Having located the line with "Add a little", print it and each remaining line exactly, stopping at the end of the material and omitting pictures.

(Collected material begins)

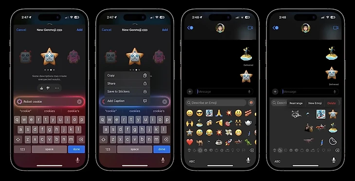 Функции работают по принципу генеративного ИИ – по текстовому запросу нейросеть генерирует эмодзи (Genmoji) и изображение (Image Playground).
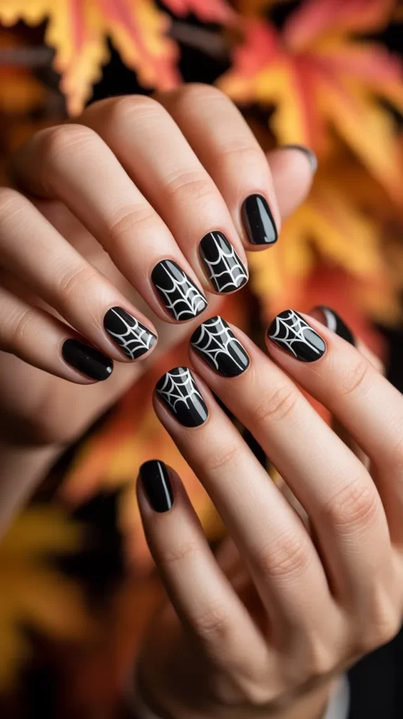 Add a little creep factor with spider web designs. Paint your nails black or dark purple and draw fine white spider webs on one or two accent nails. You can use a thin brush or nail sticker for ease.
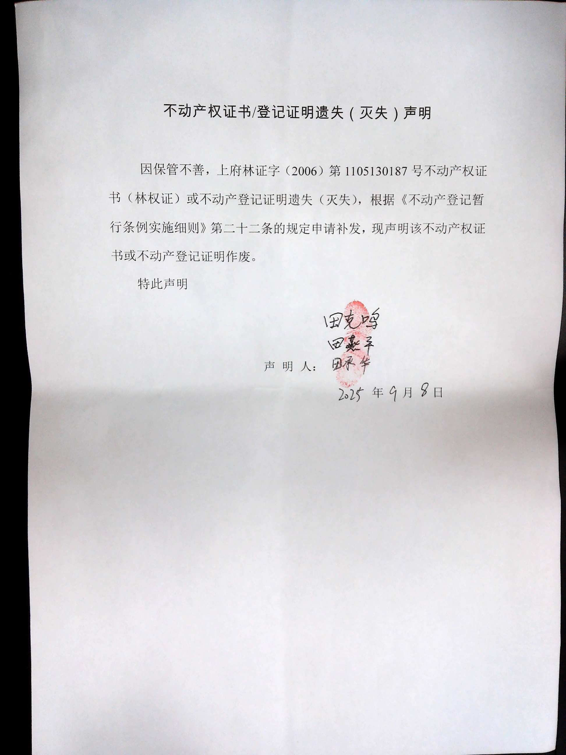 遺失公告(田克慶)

(Collected material ends)

▶ [Result of this task]
 Add a little creep factor with spider web designs. Paint your nails black or dark purple and draw fine white spider webs on one or two accent nails. You can use a thin brush or nail sticker for ease.
 遺失公告(田克慶)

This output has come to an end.